Белокуров рассказывал, как ночевал он первую ночь в коридоре какой-то экспедиции, потом пошел разнорабочим, да так и остался со строителями.

— …Строитель — самый главный человек, это понятно. Но ты… потом узнаешь, тут особенно не разбежишься… Я вот о чем. Восемнадцать ноль-ноль вечера — мы уже дома! А ты посмотри, как механизаторы врезают.
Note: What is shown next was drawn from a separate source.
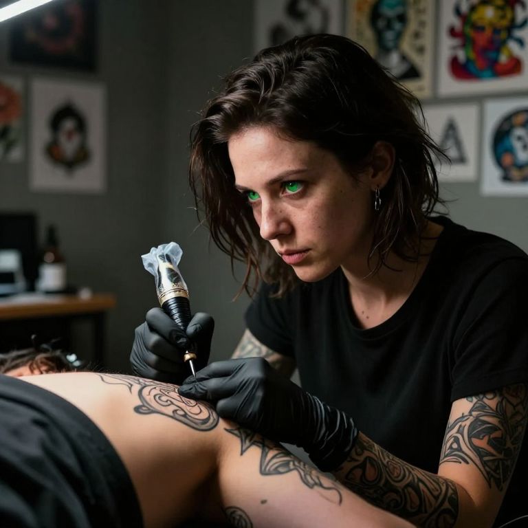 Craft an ultra-realistic portrait of a mysterious tattoo artist with captivating green eyes, situated in a dimly lit studio adorned with colorful ink illustrations on the walls. Depict her with intense focus as she skillfully etches intricate patterns onto a willing subject's skin, her years of experience and passion for her craft reflected in her every movement. The scene should evoke a spectrum of emotions, from the pain endured during the tattooing process to the satisfaction and excitement of the art itself, all conveyed through subtle micro-expressions and nuanced body language. Utilize dramatic lighting techniques reminiscent of chiaroscuro, illuminating her hands and accentuating her face with light while casting long shadows that dance across the room, enhancing the captivating atmosphere and highlighting the raw, intense nature of this artistic endeavor.

Пока дождей нет, им надо горы земли вывернуть, торопятся… Конечно, ломают ковши, рвут шланги, не без этого. Осень придет — скреперы встанут, экскаваторы встанут, а план-то делать надо? И они его делают сейчас — на несколько месяцев вперед. По десять, по четырнадцать часов. У Петрова, я знаю, пять часов на сон. А хорошая погода будет — что ж, выйдет в пять раз перевыполнение! И заработают, как миллионеры из Чикаго. Нет, не мужская работа: плиточки, кисточки… А куда идти? Бросить бригаду, так сейчас же девчонки запорются. И выпишут им по три рубля в день. Жалко мне их…

Они остановились перед своим общежитием.

— Сложный здесь народ… — Белокуров вздохнул и посмотрел на часы. — В основном настоящие люди, но есть такие прохиндеи… Вот этот, Илья Борисович. Из Москвы. Жук еще тот.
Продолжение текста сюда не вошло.